* **Task statement**
Reproduce each line below precisely. Drop the pictures.

Material to process Block Start

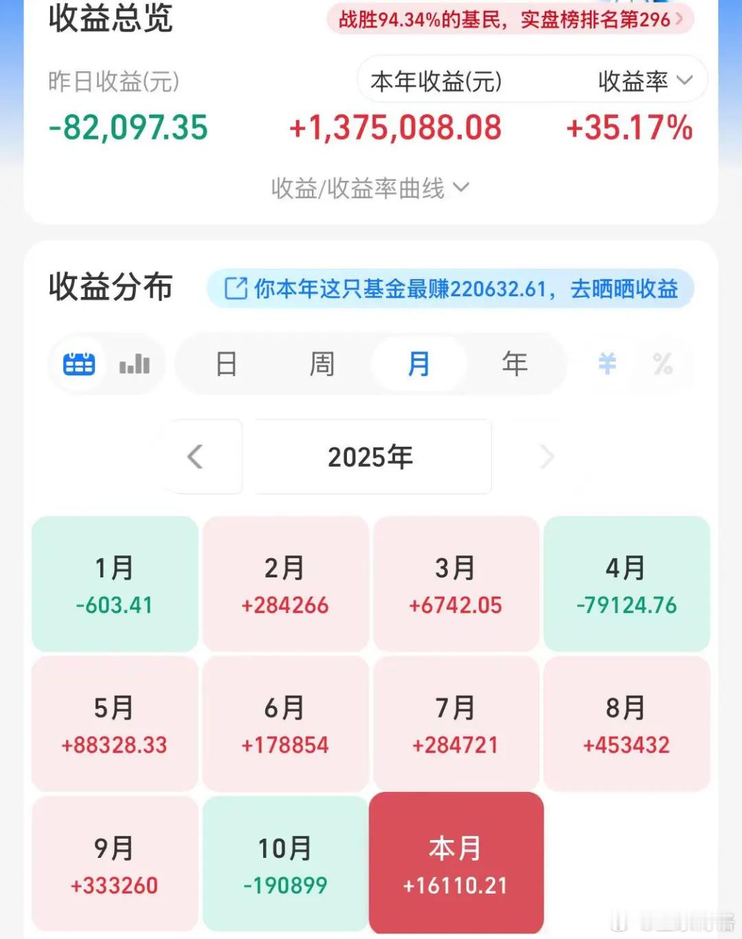 博格目前主要有三个账户:场内ETF账户资产240万元;场外基金账户资产560万元;投顾组合持仓资产110万元,合计持仓近1000万元了。10月份巨亏之后,11月份也不好受,博格回顾一下账户盈亏情况:ETF账户今年盈利50.5万,收益率为42.56%。这些收益主要来源9月份之前港股的大涨,最近加仓了价值ETF平滑了一下收益。今年以来11个月里面,唯有1月份与10月份亏钱,其余月份都是盈利的,这个也验证了适当做一些轮动可以平滑收益的。场外基金账户今年盈利137.5万,收益率为35.17%。大部分都是长期持仓,最近也止盈了人工智能、机床与化工,目前持仓盈利最多就是资源类基金,收益率大概在80%左右。今年以来11个月里面,唯有1月份、4月份、10月份三个月是亏钱的,其余月份都是赚钱的,对于一个500万资产的大账户收益率超过35%,博格还是可以接受的。市场在4000点左右盘整了差不多两三个月了,本来已经站上4000点了,昨天回调再次跌破4000点,说明4000点真的不容易突破,原因如下:4月第一次关税事件,投资者都是比较悲观的,之后国家入场加仓队之后,投资者转向乐观,先是创新药大涨,接着是国产算力大涨。9月第二次关税事件,投资者突然觉得关税这事未来可能会反反复复,情绪开始由乐观转为中性,对于涨幅过高的行业,不少投资者开始选择止盈了。结果便是,今年以来:一直持有科技成长的赚钱了;一直持有价值红利的也赚钱了;半途从价值红利切换到科技成长大概率亏钱了。大盘都4000点, 根据某些机构的数据,今年依然有50%的投资者是亏损的。根据博格的经验,亏钱的大多是小户,因为大户资产多基本都是采用配置策略,而不是频繁交易的轮动策略,亏钱的概率非常低。
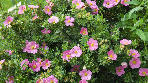 Лапчатка кустарниковая (курильский чай) — нетребовательный кустарник, отличающийся зимостойкостью и очень длинным периодом цветения. Практически все лето растение будет оставаться декоративным, не требуя взамен особого внимания с вашей стороны. Выведено много разновидностей этой культуры, различающихся по габаритам, форме куста и окраске цветков. Рассмотрим популярные сорта. Лапчатка кустарниковая с розовыми цветками Сорта с желтыми цветкамиДикорастущие лапчатки цвели исключительно желтыми цветками. Потому считается, что сорта, сохранившие природную окраску соцветий, наиболее выносливы. В настоящее время выведено много культурных разновидностей, украшающих сады цветками различных оттенков аутентичного желтого цвета. 'Goldfinger'Один из самых распространенных и популярных сортов. Отличается неприхотливостью, нетребовательностью к почве и стойкостью к засухе и зимним морозам (3-я зона зимостойкости). Цвести начинает в июне — и продолжает до конца сентября. При нехватке влаги цветение становится реже, но после хорошего дождя 'Goldfinger' вновь усыпан яркими цветками. Куст прочный, формируется прямостоячими побегами. Хорошо поддается стрижке, поэтому пригоден для создания живой изгороди. Диаметр цветков — 2,5 см, куст округлый, его высота около 130-140 см, диаметр — 150 см. Лапчатка кустарниковая Golgfinger 'Goldstar'Эта разновидность давно известна садоводам и заслуживает похвалы. 'Goldstar' можно отнести к надежным и долговечным сортам, которые не требуют особого внимания летом и не замерзнут зимой (3-я зона). Обильно цветет с июня по октябрь золотисто-желтыми цветками, диаметр которых достигает 5 см. Куст формируется тонкими прямыми побегами, имеет подушковидную форму. Высота — около 1 м, диаметр до 1,2 м. Лапчатка кустарниковая Goldstar 'Elizabeth'Невысокий кустарник с подушковидной густой кроной, будет уместен в любом саду. Неприхотлив, зимостоек (3-я зона), хорошо растет на плодородных суглинках, но по сути не требователен к типу почвы. Стабильно декоративен: начинает цвести в мае и радует хозяина яркими желтыми цветками диаметром до 4 см до самой осени. Диаметр куста может быть больше высоты в 2 раза при средних значениях 1-1,2 м и 0,6-0,8 м соответственно. Лапчатка кустарниковая Elizabeth Другие интересные сорта с желтыми цветками — 'Kobold', 'Goldteppich', 'Tangerine'. Сорта с белыми цветкамиЛапчатки кустарниковые с белыми цветками, как правило, более низкорослые и требовательные к содержанию по сравнению с желтоцветковыми. Некоторым нужно укрытие на зиму, особенно в молодом возрасте. Более подробно познакомиться с ботаническими особенностями лапчаток и правилами ухода за ними вы можете, прочитав публикации Курильский чай для вашего сада и Лапчатка кустарниковая — золотистый кустарник для дачи. Лапчатка кустарниковая среди камней 'Abbotswood'Этот сорт можно считать самым популярным из белоцветковых. Он довольно устойчив к погодным неприятностям, переносит засуху и может оставаться декоративным даже в городских условиях. К почве не требователен, на солнечных участках цветет обильнее, но может мириться и с полутенью, относится к 4-й климатической зоне. Имеет округлую форму куста и вырастает до 1 м в высоту и до 1,3 м в диаметре. Белоснежные цветки (около 3 см) начинают распускаться в начале июня, заканчивается цветение с наступлением холодов. Лапчатка кустарниковая Abbotswood 'Snowflake'Ве
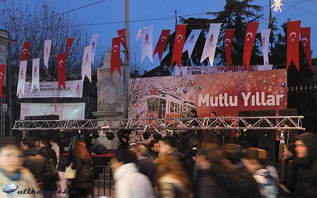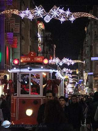 , ahonnan indul Isztambul legnyüzsgőbb utcája az Istiklal Cadessi. Ez sétáló utca, közepén villamos sínnel, amin egy nosztalgia villamos jár. Most karácsonyi díszbe öltöztetve közlekedett. Ez az út vezet el a Híres Galatasaray gimnázium kapuja előtt. A Galatasaray Lisesi Törökország legrégebbi középiskolája, melyet 1481-ben alapítottak. A francia, kéttannyelvű iskola tanulói alapították 1905-ben a futballcsapatáról híres Galatasaray sportklubot.
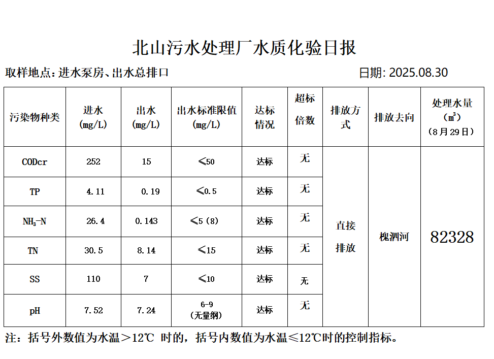 北山污水处理厂水质化验日报(25.8.30)
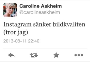 Det var Caroline Askheim ,@carolineaskheim, som skrev: ”Instagram sänker bildkvaliten (tror jag).”
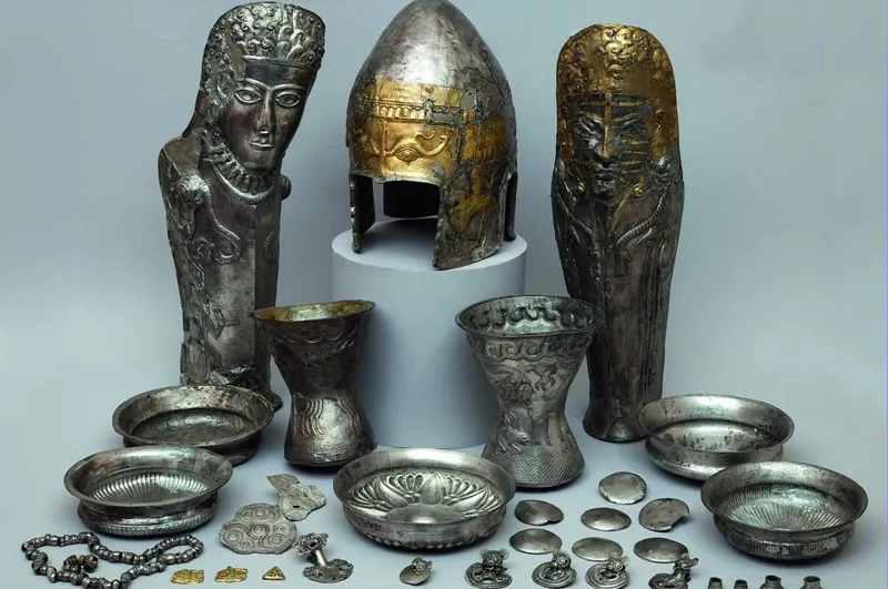 Printre piesele descoperite, din argint şi aur, s-au remarcat coiful, două cnemide (apărătoare de picior), două pocale, cinci phiale (vase plate gen cupe-străchini), dintre care una cu inscripţie, conform aceleiași surse.
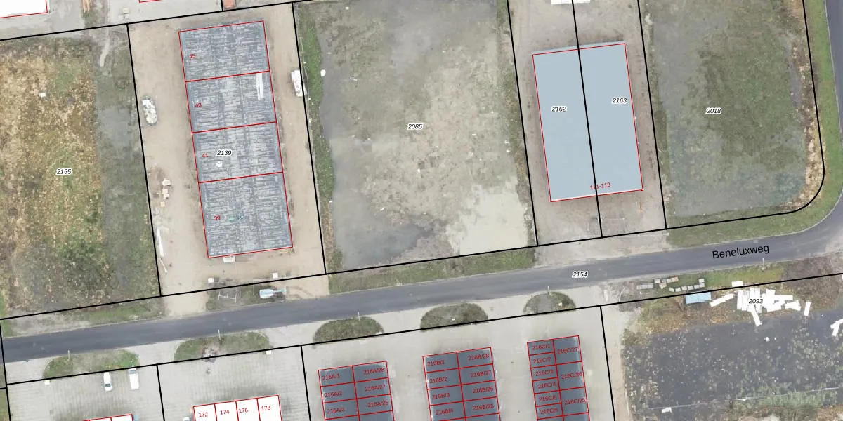 Het perceel waarop Beneluxweg 71 staat heeft een oppervlakte van 3296 m². Dit is een zeer groot perceel. De perceeloppervlakte wordt geregistreerd door het Kadaster. Gedetailleerde informatie over de maten van dit perceel kunt u vinden in het rapport Kadastrale kaart met maatvoering van Beneluxweg 71.

Material to process Block End

* **Solution for this problem**
 博格目前主要有三个账户:场内ETF账户资产240万元;场外基金账户资产560万元;投顾组合持仓资产110万元,合计持仓近1000万元了。10月份巨亏之后,11月份也不好受,博格回顾一下账户盈亏情况:ETF账户今年盈利50.5万,收益率为42.56%。这些收益主要来源9月份之前港股的大涨,最近加仓了价值ETF平滑了一下收益。今年以来11个月里面,唯有1月份与10月份亏钱,其余月份都是盈利的,这个也验证了适当做一些轮动可以平滑收益的。场外基金账户今年盈利137.5万,收益率为35.17%。大部分都是长期持仓,最近也止盈了人工智能、机床与化工,目前持仓盈利最多就是资源类基金,收益率大概在80%左右。今年以来11个月里面,唯有1月份、4月份、10月份三个月是亏钱的,其余月份都是赚钱的,对于一个500万资产的大账户收益率超过35%,博格还是可以接受的。市场在4000点左右盘整了差不多两三个月了,本来已经站上4000点了,昨天回调再次跌破4000点,说明4000点真的不容易突破,原因如下:4月第一次关税事件,投资者都是比较悲观的,之后国家入场加仓队之后,投资者转向乐观,先是创新药大涨,接着是国产算力大涨。9月第二次关税事件,投资者突然觉得关税这事未来可能会反反复复,情绪开始由乐观转为中性,对于涨幅过高的行业,不少投资者开始选择止盈了。结果便是,今年以来:一直持有科技成长的赚钱了;一直持有价值红利的也赚钱了;半途从价值红利切换到科技成长大概率亏钱了。大盘都4000点, 根据某些机构的数据,今年依然有50%的投资者是亏损的。根据博格的经验,亏钱的大多是小户,因为大户资产多基本都是采用配置策略,而不是频繁交易的轮动策略,亏钱的概率非常低。
 Лапчатка кустарниковая (курильский чай) — нетребовательный кустарник, отличающийся зимостойкостью и очень длинным периодом цветения. Практически все лето растение будет оставаться декоративным, не требуя взамен особого внимания с вашей стороны. Выведено много разновидностей этой культуры, различающихся по габаритам, форме куста и окраске цветков. Рассмотрим популярные сорта. Лапчатка кустарниковая с розовыми цветками Сорта с желтыми цветкамиДикорастущие лапчатки цвели исключительно желтыми цветками. Потому считается, что сорта, сохранившие природную окраску соцветий, наиболее выносливы. В настоящее время выведено много культурных разновидностей, украшающих сады цветками различных оттенков аутентичного желтого цвета. 'Goldfinger'Один из самых распространенных и популярных сортов. Отличается неприхотливостью, нетребовательностью к почве и стойкостью к засухе и зимним морозам (3-я зона зимостойкости). Цвести начинает в июне — и продолжает до конца сентября. При нехватке влаги цветение становится реже, но после хорошего дождя 'Goldfinger' вновь усыпан яркими цветками. Куст прочный, формируется прямостоячими побегами. Хорошо поддается стрижке, поэтому пригоден для создания живой изгороди. Диаметр цветков — 2,5 см, куст округлый, его высота около 130-140 см, диаметр — 150 см. Лапчатка кустарниковая Golgfinger 'Goldstar'Эта разновидность давно известна садоводам и заслуживает похвалы. 'Goldstar' можно отнести к надежным и долговечным сортам, которые не требуют особого внимания летом и не замерзнут зимой (3-я зона). Обильно цветет с июня по октябрь золотисто-желтыми цветками, диаметр которых достигает 5 см. Куст формируется тонкими прямыми побегами, имеет подушковидную форму. Высота — около 1 м, диаметр до 1,2 м. Лапчатка кустарниковая Goldstar 'Elizabeth'Невысокий кустарник с подушковидной густой кроной, будет уместен в любом саду. Неприхотлив, зимостоек (3-я зона), хорошо растет на плодородных суглинках, но по сути не требователен к типу почвы. Стабильно декоративен: начинает цвести в мае и радует хозяина яркими желтыми цветками диаметром до 4 см до самой осени. Диаметр куста может быть больше высоты в 2 раза при средних значениях 1-1,2 м и 0,6-0,8 м соответственно. Лапчатка кустарниковая Elizabeth Другие интересные сорта с желтыми цветками — 'Kobold', 'Goldteppich', 'Tangerine'. Сорта с белыми цветкамиЛапчатки кустарниковые с белыми цветками, как правило, более низкорослые и требовательные к содержанию по сравнению с желтоцветковыми. Некоторым нужно укрытие на зиму, особенно в молодом возрасте. Более подробно познакомиться с ботаническими особенностями лапчаток и правилами ухода за ними вы можете, прочитав публикации Курильский чай для вашего сада и Лапчатка кустарниковая — золотистый кустарник для дачи. Лапчатка кустарниковая среди камней 'Abbotswood'Этот сорт можно считать самым популярным из белоцветковых. Он довольно устойчив к погодным неприятностям, переносит засуху и может оставаться декоративным даже в городских условиях. К почве не требователен, на солнечных участках цветет обильнее, но может мириться и с полутенью, относится к 4-й климатической зоне. Имеет округлую форму куста и вырастает до 1 м в высоту и до 1,3 м в диаметре. Белоснежные цветки (около 3 см) начинают распускаться в начале июня, заканчивается цветение с наступлением холодов. Лапчатка кустарниковая Abbotswood 'Snowflake'Ве
 , ahonnan indul Isztambul legnyüzsgőbb utcája az Istiklal Cadessi. Ez sétáló utca, közepén villamos sínnel, amin egy nosztalgia villamos jár. Most karácsonyi díszbe öltöztetve közlekedett. Ez az út vezet el a Híres Galatasaray gimnázium kapuja előtt. A Galatasaray Lisesi Törökország legrégebbi középiskolája, melyet 1481-ben alapítottak. A francia, kéttannyelvű iskola tanulói alapították 1905-ben a futballcsapatáról híres Galatasaray sportklubot.
 北山污水处理厂水质化验日报(25.8.30)
 Det var Caroline Askheim ,@carolineaskheim, som skrev: ”Instagram sänker bildkvaliten (tror jag).”
 Printre piesele descoperite, din argint şi aur, s-au remarcat coiful, două cnemide (apărătoare de picior), două pocale, cinci phiale (vase plate gen cupe-străchini), dintre care una cu inscripţie, conform aceleiași surse.
 Het perceel waarop Beneluxweg 71 staat heeft een oppervlakte van 3296 m². Dit is een zeer groot perceel. De perceeloppervlakte wordt geregistreerd door het Kadaster. Gedetailleerde informatie over de maten van dit perceel kunt u vinden in het rapport Kadastrale kaart met maatvoering van Beneluxweg 71.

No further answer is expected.